A Demon of Our Own Design: Markets, Hedge Funds, and the Perils of Financial Innovation | List Price: $27.95 Discount Price: $14.70

| Binding: Hardcover
Great Book [Posted on 2008-08-13] Loving this book. It really brings clarity to all the events that surround financial crises. Got the book on time and in perfect condition.
GLB [Posted on 2008-08-14] I have had great difficulty reading this book firstly as I am not a quant nerd. Secondly, the author deems fit to draw comparisons with hedge funds and a host of unrelated topics eg. Chernobyl, Two Mile Island and the military and the Post Office (for heaven's sake)! The less said about the ill fated shuttles the better!! Third, the book is poorly written and/or badly edited as there are many duplications throughout the text an example of which is LTCM which crops up in every other chapter. Nevertheless, I also read the authors' presentation to the oversight committee of Congress where he did a complete about turn and in complete contrast to this book stated that better regulation was the way forward!

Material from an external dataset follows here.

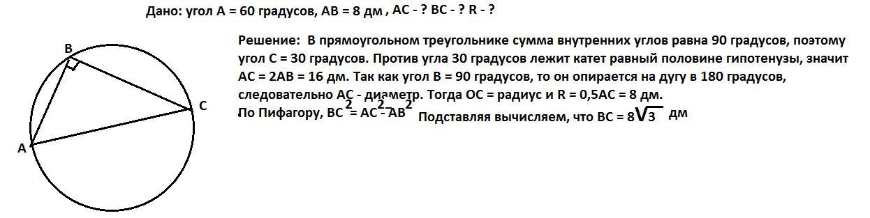 Ответ: R= 8 дм, ВС = 8 дм, АС = 16 дм

Confused? You better believe it!!
Thought-provoking reflection on Wall Street risk today [Posted on 2008-09-11] This book is part memoir, part reflection on risk, part tell-all, part recapitulation of recent financial crises and part polemic. If you fret that all these parts might blur author Richard Bookstaber's objectives and message, you are right, but, if you have the patience, keep reading. Enjoy the somewhat diffuse anecdotes and observations in the first few chapters until you reach the author's straightforward presentation of his case that the U.S. financial system is at risk from complexity and tight coupling. The book would have benefited from a slightly fresher take on the financial crises of the last three decades. However, given the author's years as a risk manager on Wall Street (Morgan Stanley, Salomon Brothers, Citigroup) and as a hedge fund expert (Moore Capital, Ziff Brothers, FrontPoint), his personal experience during fiscal crises and his close view of dramatic turns in the market, getAbstract finds that his diagnosis of systemic problems conveys several important stories and that his analysis deserves your attention.

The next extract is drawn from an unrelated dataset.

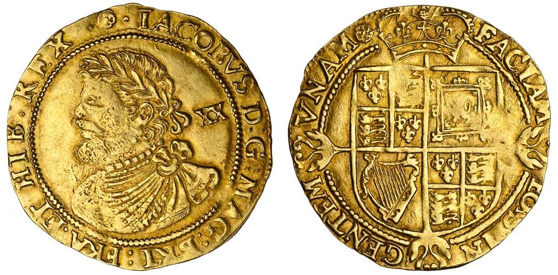James I (1603-25), Laurel, m.m. rose, second laureate bust left, rev. crowned shield over long cross fourchée (S.2638), metal weakness where creased and straightened, otherwise good very fine

Want to understand the current financial crisis? [Posted on 2008-09-22] Bookstaber has written a cogent, understandable and witty guide to the structural and human underpinnings of the current financial crisis. While this book requires thoughtful reading, it does not assume that the reader is technically savvy about markets or the plethora of financial instruments that have come to have such a dramatic impact on U.S. and world economies. I unhesitatingly recommend this book to anyone wishing a deeper understanding of the problems that can and have been created by financial markets and instruments.
A good read in these troubled times we are at [Posted on 2008-10-02] I read this book back in December 07, the perfect timing for it would have been now, however.
A very simple conclusion from this book is that despite all the good intentions that the current bailout (TARP) might have, what we are doing is creating a new demon that will provoke a new crisis, with a different twist, anytime in the future.
Crisis are inevitable and we cannot go against financial innovations (like in the last 10 years with derivatives, CDS, MBOs, CDOs, etc.)
A better synchronicity among financial institutions and one regulatory agency (not several agencies that do not communicate between themselves as they should) could be a solution.